The reason for this upgrade is that your factory wire and terminals are not rated for the extra amperage that your new alt puts out and could get too hot.
It's also a good idea to run a larger ground wire directly from your neg bat terminal to one of the studs that mount your new alt if possible for the same reason.


----------



## Randall Ave (Oct 29, 2014)

There isn't a spot to put a second battery behind the driver's side headlight? Are you having issues, or just doing this as a precaution?


----------



## Philbilly2 (Aug 25, 2007)

Randall why would you do more batteries rather than a big alternator? More amps is better!


----------



## Randall Ave (Oct 29, 2014)

That's what I've always had, never had a problem, and have never had an alternator fail. If he's putting out 250 amps, he may have problems. Now does that alternator put out a constant 250, or is that it's rating at full RPM?


----------



## Philbilly2 (Aug 25, 2007)

Over charging is an issue... huh...

Water tower is all I have to say... Water Tower...


----------



## WIPensFan (Jan 31, 2009)

Mebes said:


> Run it from the post on the alt directly to the positive terminal of the battery.
> The reason for this upgrade is that your factory wire and terminals are not rated for the extra amperage that your new alt puts out and could get too hot.
> It's also a good idea to run a larger ground wire directly from your neg bat terminal to one of the studs that mount your new alt if possible for the same reason.

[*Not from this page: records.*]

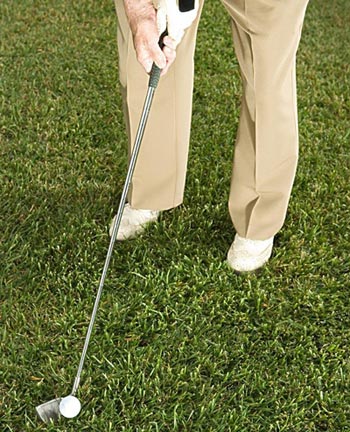 在这里,当球员把球杆放到球后的地面,球向下陷入暂时应该算作“移动”了,因为它离开了原来的位置。规则里不考虑球是水平移动还是垂直移动,只要球离开原来的位置,就视为“移动”了。但是,当球员上杆的时候,球又回到了原来的位置。此时根据定义,球没有发生移动,因为实际上球员击打的还是处于同一个位置的球,因此不会被罚杆。
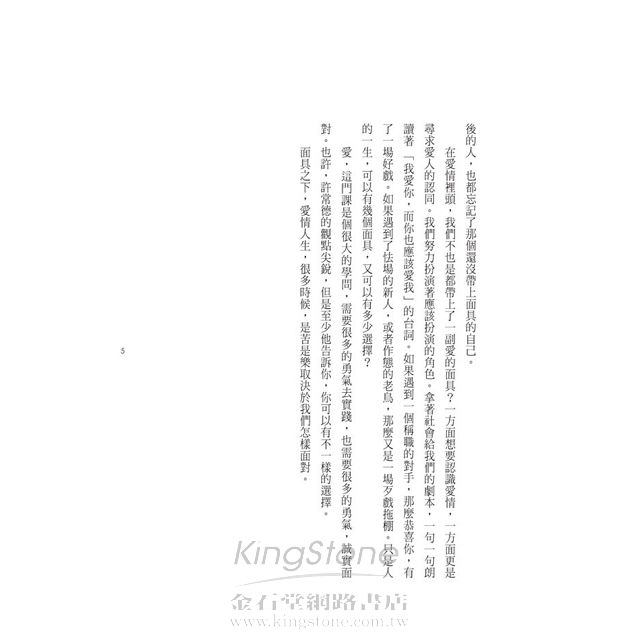 在愛情裡頭,我們不也是都帶上了一副愛的面具?一方面想要認識愛情,一方面更是尋求愛人的認同。我們努力扮演的應該扮演的角色。拿著社會給我們的劇本,一句一句朗讀著 「我愛你,而你也應該愛我」的台詞。如果遇到一個稱職的對手,那麼恭喜你,有了一場好戲。如果遇到了怯場的新人,或者作態的老鳥,那麼又是一場歹戲拖棚。只是人的一生,可以有幾個面具,又可以有多少選擇?
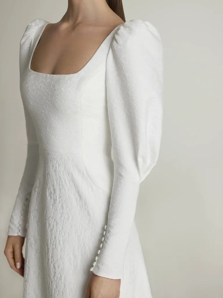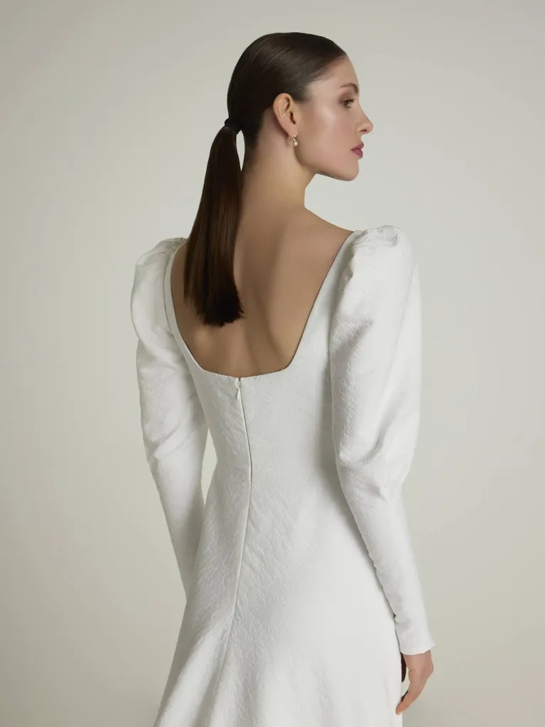 Ideal para las novias que celebran su boda durante los meses más fríos. Su diseño de corte en A totalmente confeccionado en jacquard presenta un escote cuadrado en la parte delantera y en la parte trasera, así como unas elegantes mangas de estilo abullonado que se estrechan en la zona del antebrazo adornadas con exquisitos detalles de botones.
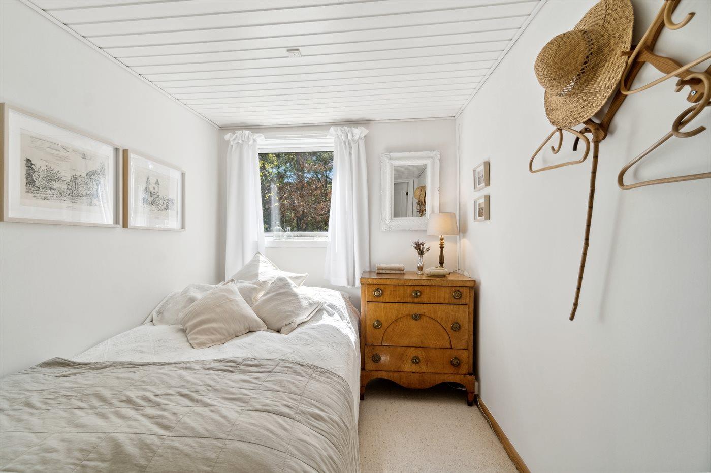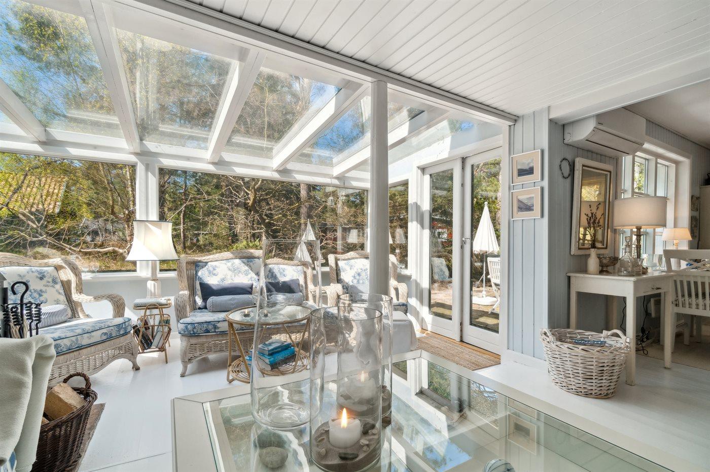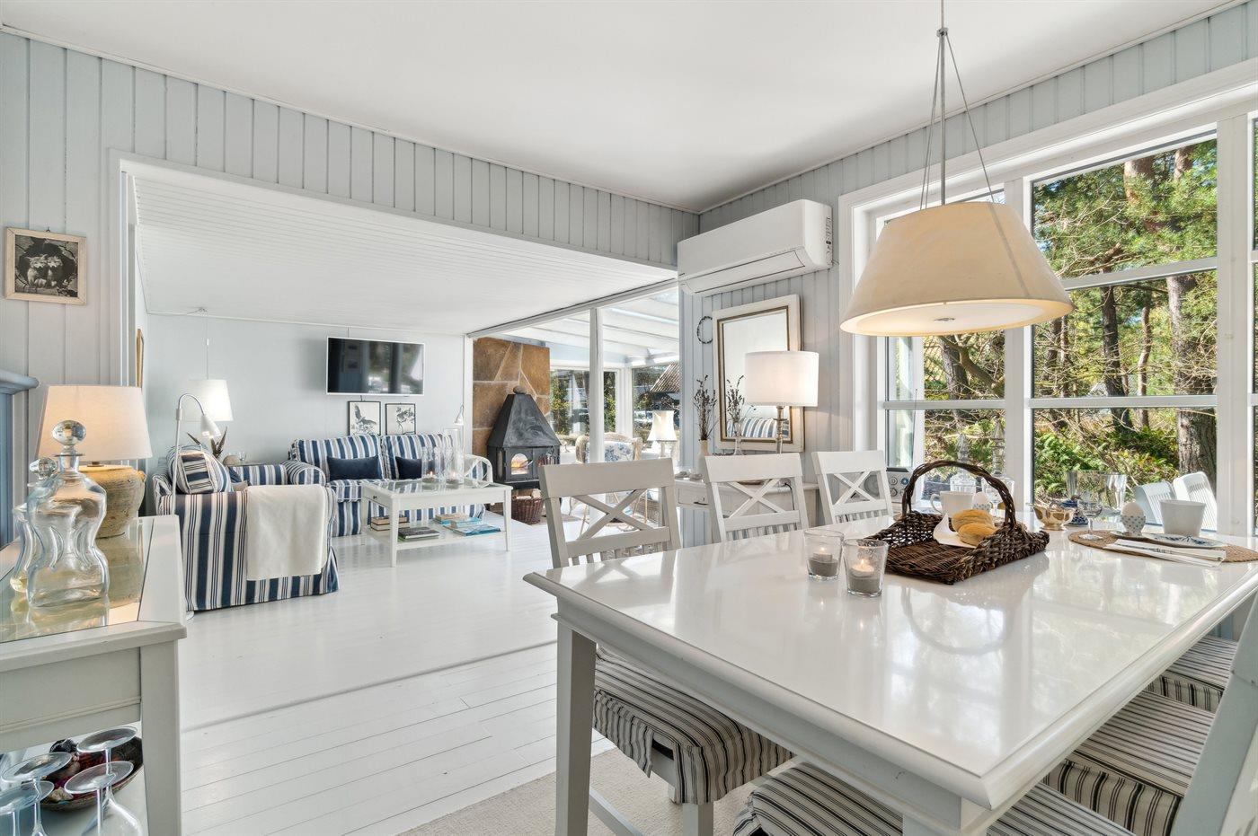 Der findes et flot nyt køkken, et pænt badeværelse og en stor opholdsstue med spiseafdeling, som ligger i åben forbindelse med en udestue, hvilket giver virkelig meget lys til det i forvejen lyse interiør. Alt interiør er farvemæssigt afstemt. Paneler, hvide vægge og lofter er alt sammen med til at understrege det lette og lyse indtryk af huset.
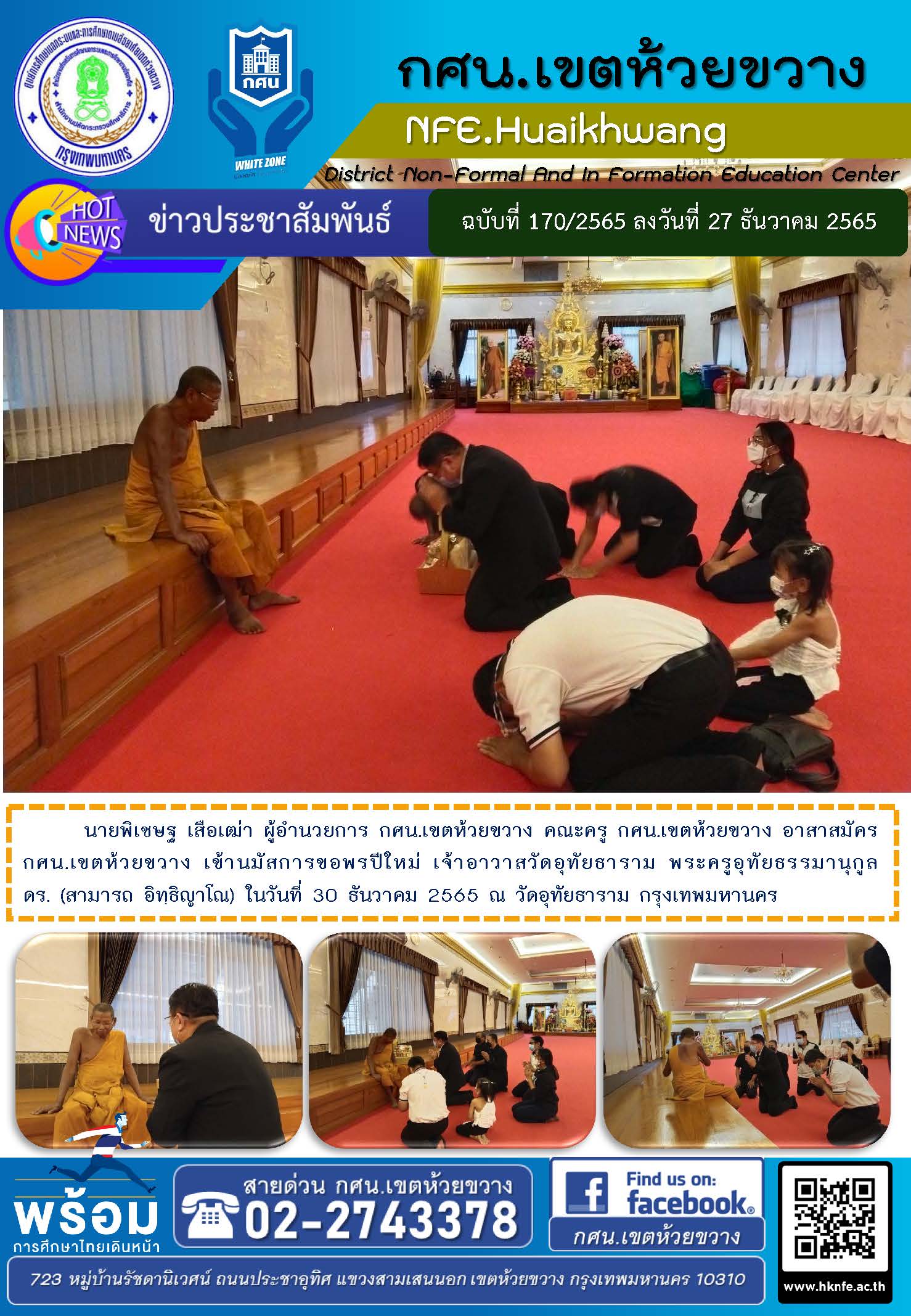นายพิเชษฐ เสือเฒ่า ผู้อำนวยการ กศน.เขตห้วยขวาง คณะครู กศน.เขตห้วยขวาง อาสาสมัคร กศน.เขตห้วยขวาง เข้านมัสการขอพรปีใหม่ เจ้าอาวาสวัดอุทัยธาราม พระครูอุทัยธรรมานุกูล ดร. (สามารถ อิทฺธิญาโณ) ในวันที่ 30 ธันวาคม 2565 ณ วัดอุทัยธาราม กรุงเทพมหานคร

Are you sure? That fuse isn't inline anymore though is it? I need to look at it again and take some pics. I don't think I can bypass that junction box.



Randall Ave said:


> There isn't a spot to put a second battery behind the driver's side headlight? Are you having issues, or just doing this as a precaution?


I have dual batteries and the aux is running the dump bed.



Randall Ave said:


> That's what I've always had, never had a problem, and have never had an alternator fail. If he's putting out 250 amps, he may have problems. Now does that alternator put out a constant 250, or is that it's rating at full RPM?


I read the alternator only puts out as much as you need, not 250 always.


----------



## Philbilly2 (Aug 25, 2007)

Why does the second battery only run the dump bed????


----------



## WIPensFan (Jan 31, 2009)

Plow seemed slow and lights dimmed more than usual it appeared to me. Next day the truck labored a bit to start and it doesn't usually do that, so I thought I better get a new battery in there. Still had the original AC Delco! That may be a world record for battery age.


----------



## WIPensFan (Jan 31, 2009)

Philbilly2 said:


> Why does the second battery only run the dump bed????


That's how Monroe set it up.


----------



## Philbilly2 (Aug 25, 2007)

WIPensFan said:


> That's how Monroe set it up.


Wow... I would change that if I was you.


----------



## WIPensFan (Jan 31, 2009)

Philbilly2 said:


> Wow... I would change that if I was you.


I think the aux may run back to the trailer plug as well. Why change??


----------



## Philbilly2 (Aug 25, 2007)

There is no need to have a second battery run just the dump box that you might run once or twice a day.

If you just take a 12v positive 2 gauge and connect your two batteries, you have a ton more amperage storage. Your plow draws a ton of amps when your are running the motor and the more storage that you have available, the less draw it puts on the total system. Hence the "Water Tower" annoligy. You are trying to force the power into a small holding cell when you could just have more storage and let the regular alternator do the same work over a lengthened time. High charging rate gives wears the crap out of the cells. Think like when you charge with a trickle charger. You get a much more quality charge at 2amps than at 20amps. Battery gets hot, cables get hot... slow and steady wins the race.


----------



## WIPensFan (Jan 31, 2009)

Philbilly2 said:


> There is no need to have a second battery run just the dump box that you might run once or twice a day.
> 
> If you just take a 12v positive 2 gauge and connect your two batteries, you have a ton more amperage storage. Your plow draws a ton of amps when your are running the motor and the more storage that you have available, the less draw it puts on the total system. Hence the "Water Tower" annoligy. You are trying to force the power into a small holding cell when you could just have more storage and let the regular alternator do the same work over a lengthened time. High charging rate gives wears the crap out of the cells. Think like when you charge with a trickle charger. You get a much more quality charge at 2amps than at 20amps. Battery gets hot, cables get hot... slow and steady wins the race.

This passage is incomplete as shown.